Instructions for the task → Do not copy the pictures. Write out the lines from the start of the entries through the line containing "Everyone worked for".

(Data under study Opens)

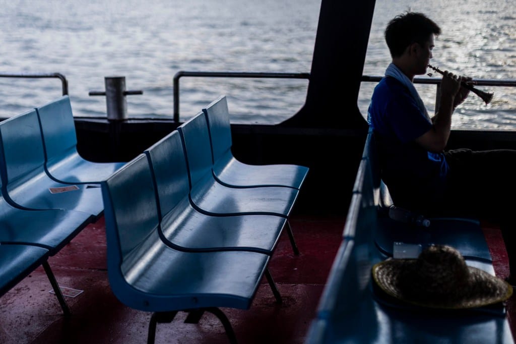 2025年9月6日,坪洲,相传水鬼无法登岸取食,居民乘船出海吹唢呐召水鬼。摄:邓家烜/端传媒
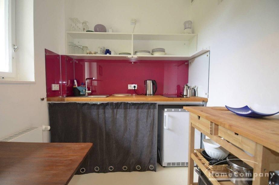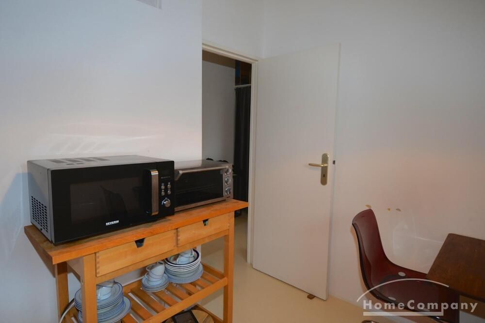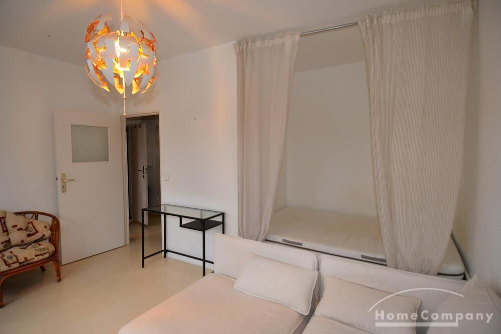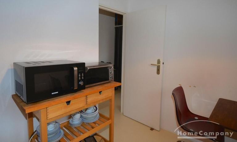 Sunny studio flat with balcony and wonderful view on to green yard, located in in the South of Berlin – in Tempelhof. Completely equipped with Vintage and IKEA furnishings. High class bathroom. Equipped kitchen inclusive glas cooking plate and small oven.
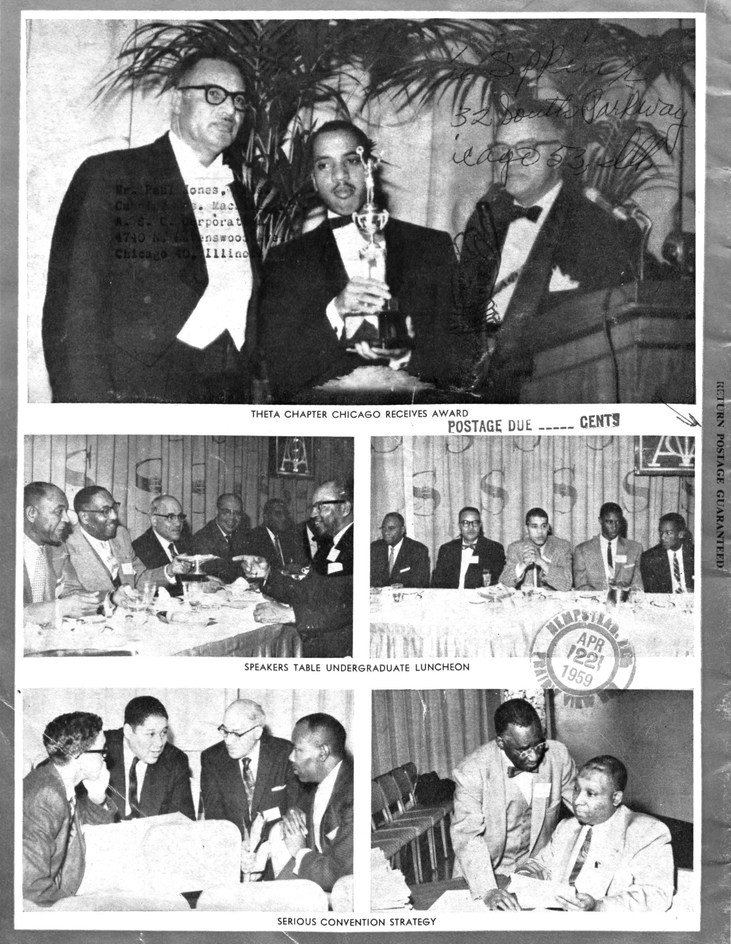THETA CHAPTER CHICAGO RECEIVES AWARD POSTAGE DUE ~.. . GENTS
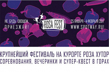 В конце января на горном курорте «Роза Хутор» стартует ежегодный зимний фестиваль ROSAFEST 2017. Здесь, на самом популярном российском круглогодичном курорте, соберутся известные экстрим-гуру, амбассадоры спортивных брендов, победители соревнований и горные гиды. На #rosafest2017 ожидается около 3000 человек, каждый почувствует настоящую перезагрузку. С 25 января по 4 февраля 2017 - в самый снежный период зимы!
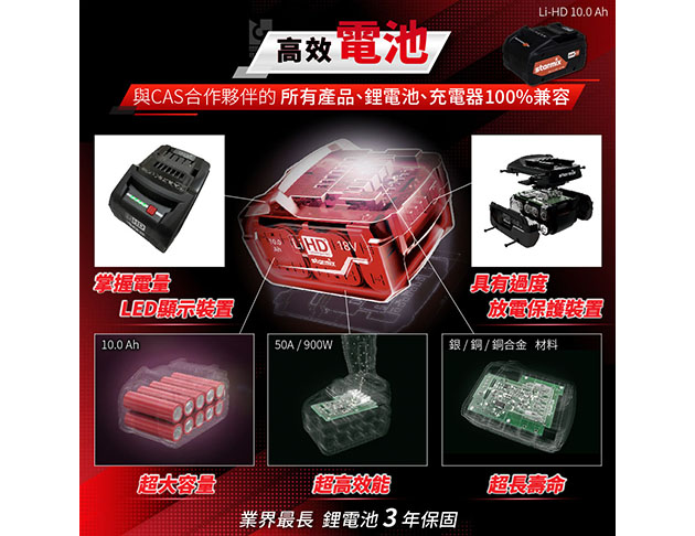 | 高效續航 | 專利氣冷式散熱技術的鋰電池和充電器,具有過度充放電保護裝置,高效能、快充電和長壽命。 |
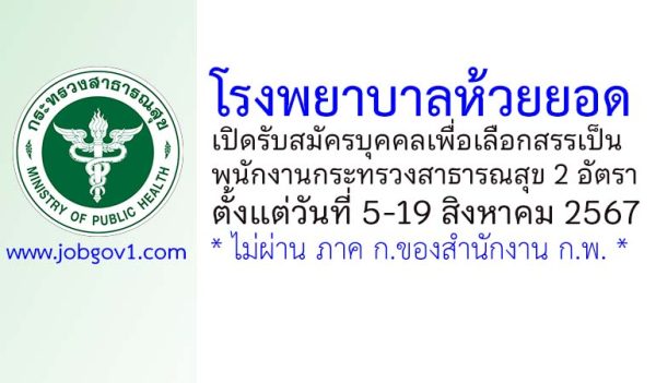 โรงพยาบาลห้วยยอด รับสมัครพนักงานกระทรวงสาธารณสุขทั่วไป 2 อัตรา ตั้งแต่วันที่ 5-19 สิงหาคม 2567
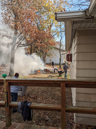 Everyone worked for about three hours and got all of my leaves raked and burned!
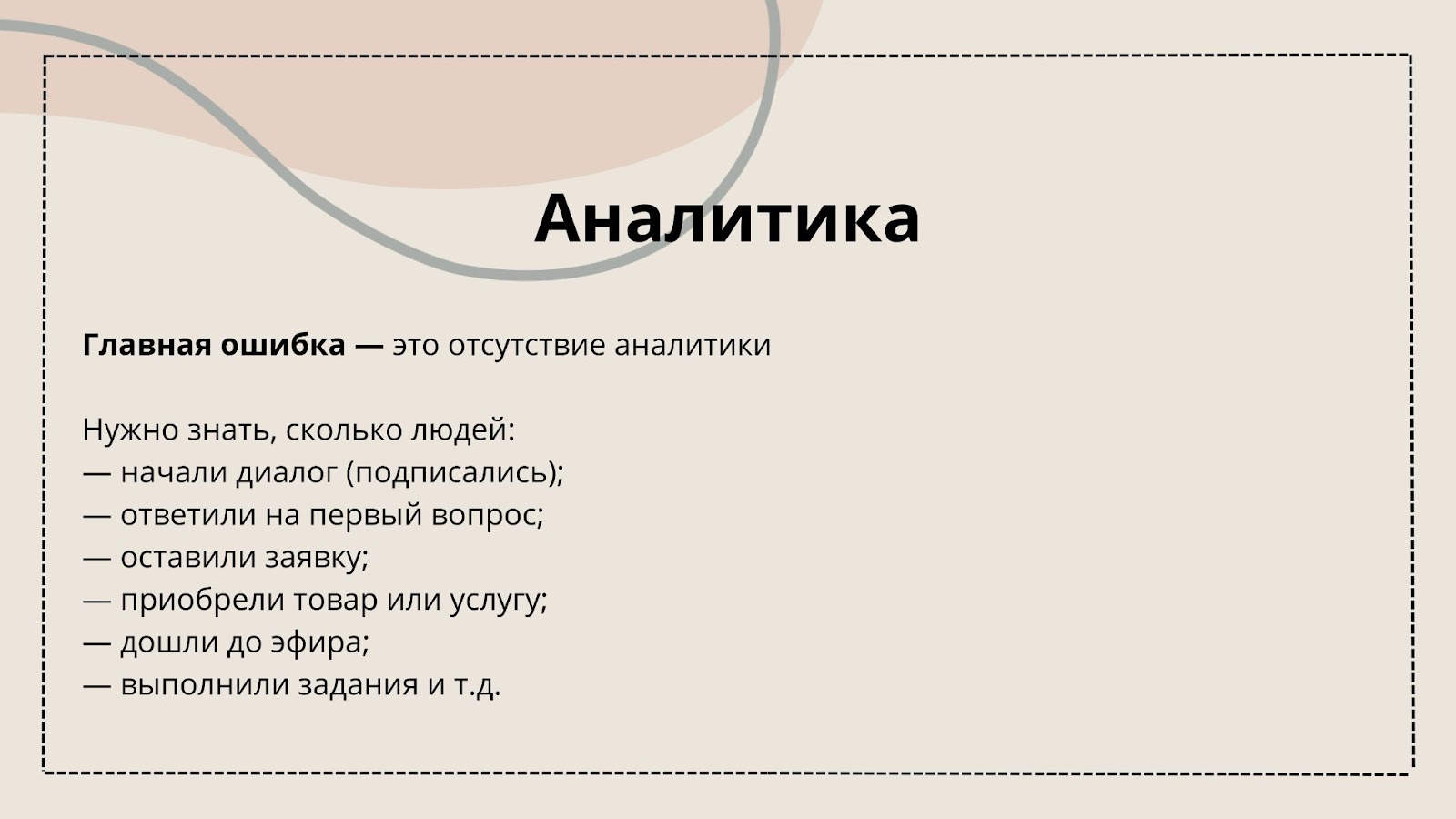 Потому что может оказаться, что воронка рабочая, и нужно переписать какой-то один текст или поменять местами сообщения. Все заработает и будет приносить продажи. Но пока нет аналитики, вы об этом никак не узнаете.
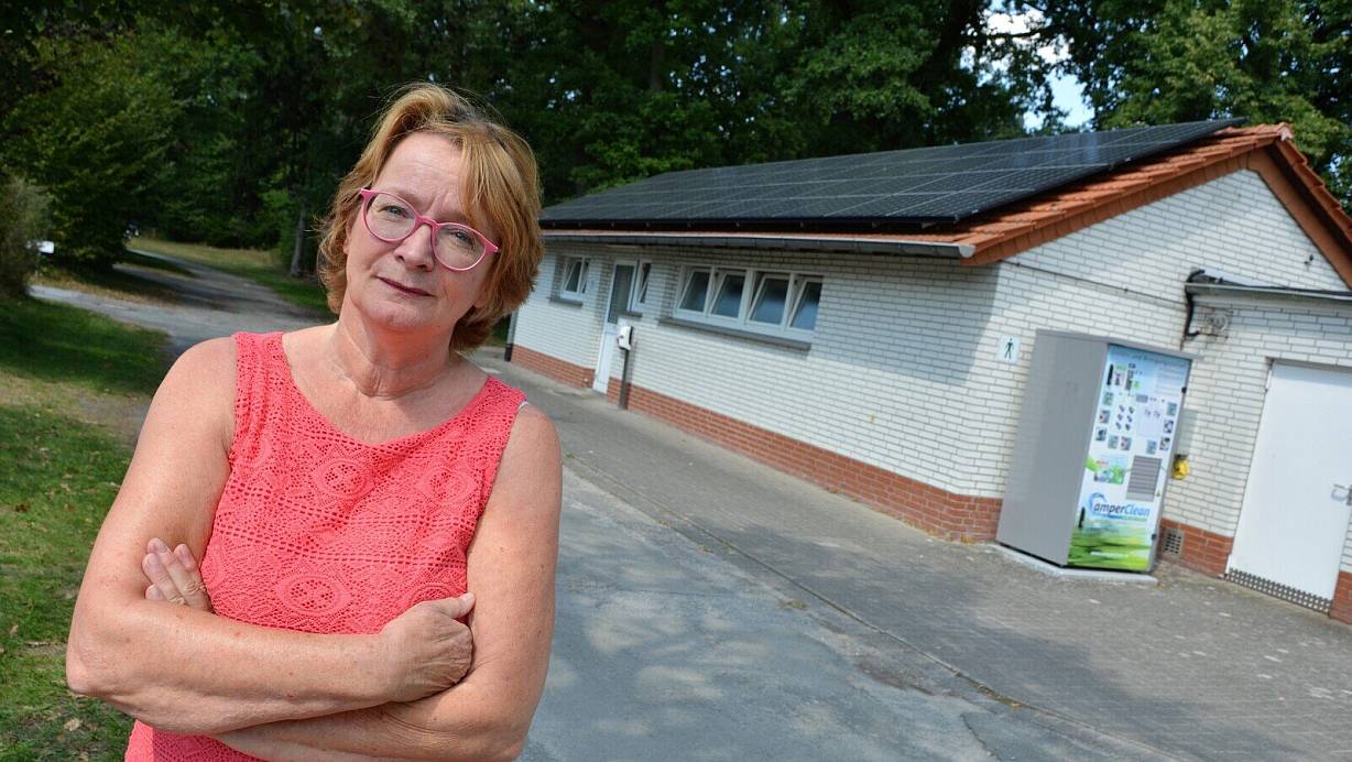 Annette Auster-Müller ärgert sich, dass sie im Sinne des Klimaschutzes investiert hat, die neue Anlage aber derzeit gar nicht nutzen kann, weil ein wichtiges Teil fehlt. | © Karin Prignitz
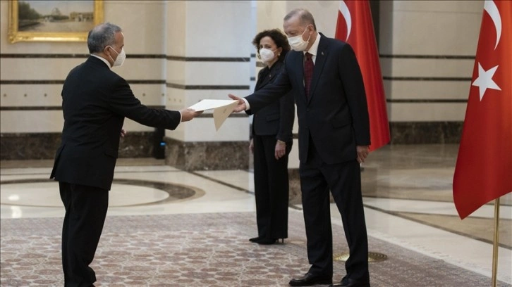 Cumhurbaşkanlığı Külliyesi'ndeki kabulde, Büyükelçi Flake, Erdoğan'a güven mektubu sundu.
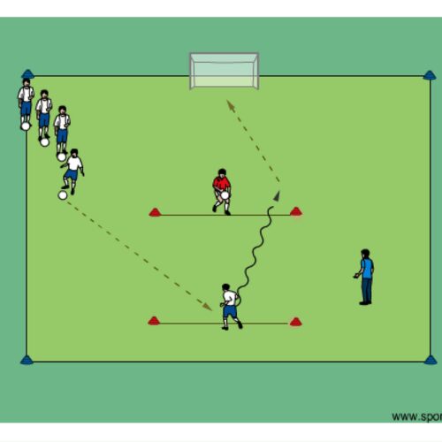 - the ball is passed to the attacker who must dribble past the defender and finish with a shot on the
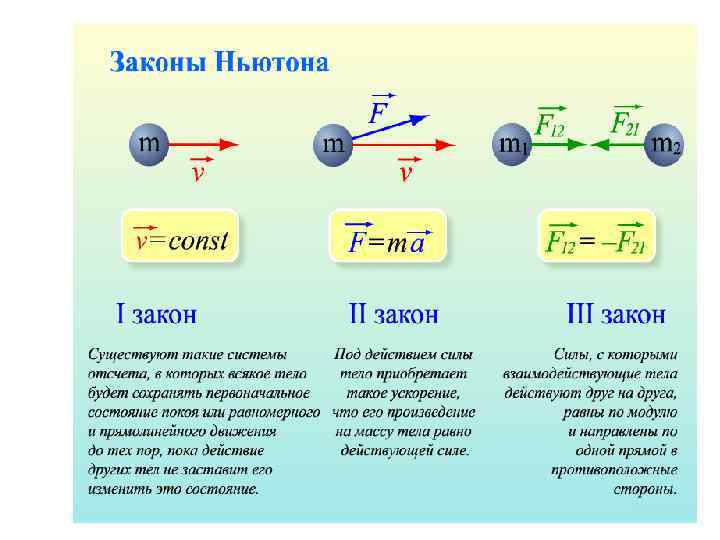 Первый закон Ньютона: Всякая материальная точка сохраняет состояние покоя или равномерного прямолинейного движения до тех пор, пока воздействие со стороны других тел не заставит её изменить это состояние. Стремление тела сохранять состояние покоя или равномерного прямолинейного движения называется инертностью. Первый закон Ньютона называют законом инерции.
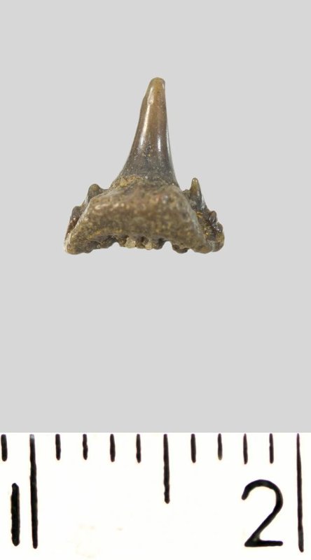 Зуб. Акула. Synechodus dubrisiensis (Mackie, 1863). Классификация: Хордовые Chordata, Позвоночные Vertebrata, Хрящевые рыбы Chondrichthyes, Пластиножаберные Elasmobranchii, Акулы Selachii, Синеходонтообразные Synechodontiformes, Palaeospinacidae

(Data under study Closes)

Task solution →
 2025年9月6日,坪洲,相传水鬼无法登岸取食,居民乘船出海吹唢呐召水鬼。摄:邓家烜/端传媒
 Sunny studio flat with balcony and wonderful view on to green yard, located in in the South of Berlin – in Tempelhof. Completely equipped with Vintage and IKEA furnishings. High class bathroom. Equipped kitchen inclusive glas cooking plate and small oven.
THETA CHAPTER CHICAGO RECEIVES AWARD POSTAGE DUE ~.. . GENTS
 В конце января на горном курорте «Роза Хутор» стартует ежегодный зимний фестиваль ROSAFEST 2017. Здесь, на самом популярном российском круглогодичном курорте, соберутся известные экстрим-гуру, амбассадоры спортивных брендов, победители соревнований и горные гиды. На #rosafest2017 ожидается около 3000 человек, каждый почувствует настоящую перезагрузку. С 25 января по 4 февраля 2017 - в самый снежный период зимы!
 | 高效續航 | 專利氣冷式散熱技術的鋰電池和充電器,具有過度充放電保護裝置,高效能、快充電和長壽命。 |
 โรงพยาบาลห้วยยอด รับสมัครพนักงานกระทรวงสาธารณสุขทั่วไป 2 อัตรา ตั้งแต่วันที่ 5-19 สิงหาคม 2567
 Everyone worked for about three hours and got all of my leaves raked and burned!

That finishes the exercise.